About this exercise - Find the line below with "MH-31A8J*1 Hand Microphone" and the line with "U.S. and Canadian". Output exactly those lines and everything between them, leaving out the pictures.

Records shown -
# # # # #
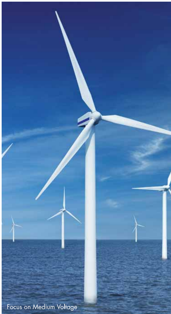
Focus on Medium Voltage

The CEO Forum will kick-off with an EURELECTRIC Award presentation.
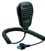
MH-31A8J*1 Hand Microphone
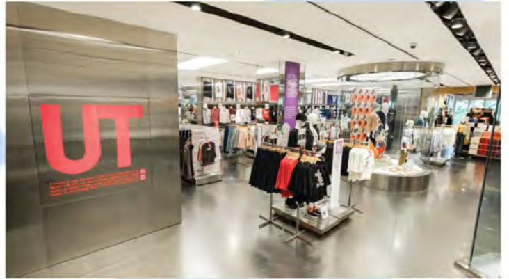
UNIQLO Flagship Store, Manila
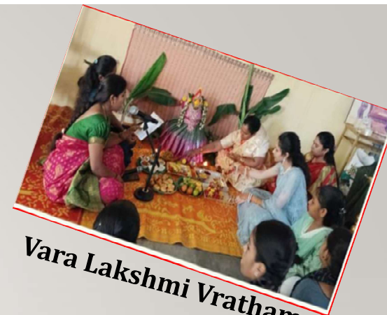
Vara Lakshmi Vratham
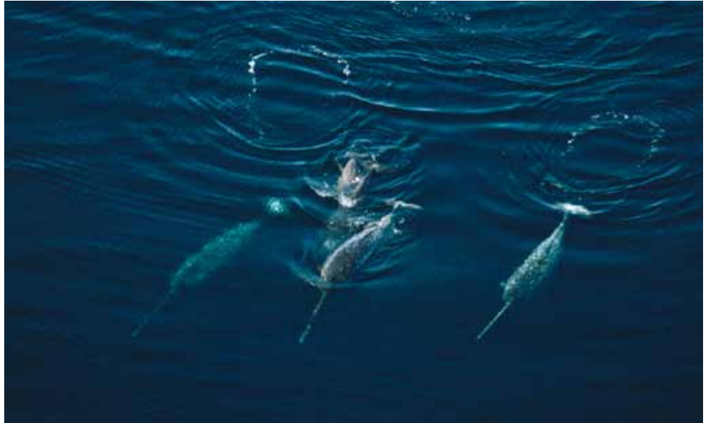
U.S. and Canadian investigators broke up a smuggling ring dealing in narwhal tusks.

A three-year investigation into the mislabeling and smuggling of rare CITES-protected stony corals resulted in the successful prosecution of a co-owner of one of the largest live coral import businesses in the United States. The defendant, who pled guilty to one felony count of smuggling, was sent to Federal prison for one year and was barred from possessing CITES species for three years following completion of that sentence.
# # # # #
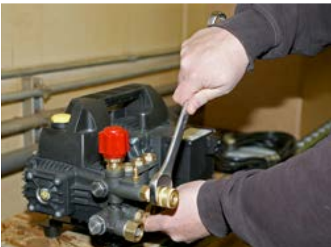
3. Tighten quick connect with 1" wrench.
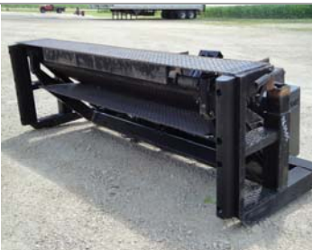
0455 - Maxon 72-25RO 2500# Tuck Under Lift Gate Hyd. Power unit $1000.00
# # # # #
Answer to the exercise -
MH-31A8J*1 Hand Microphone
UNIQLO Flagship Store, Manila
Vara Lakshmi Vratham
U.S. and Canadian investigators broke up a smuggling ring dealing in narwhal tusks.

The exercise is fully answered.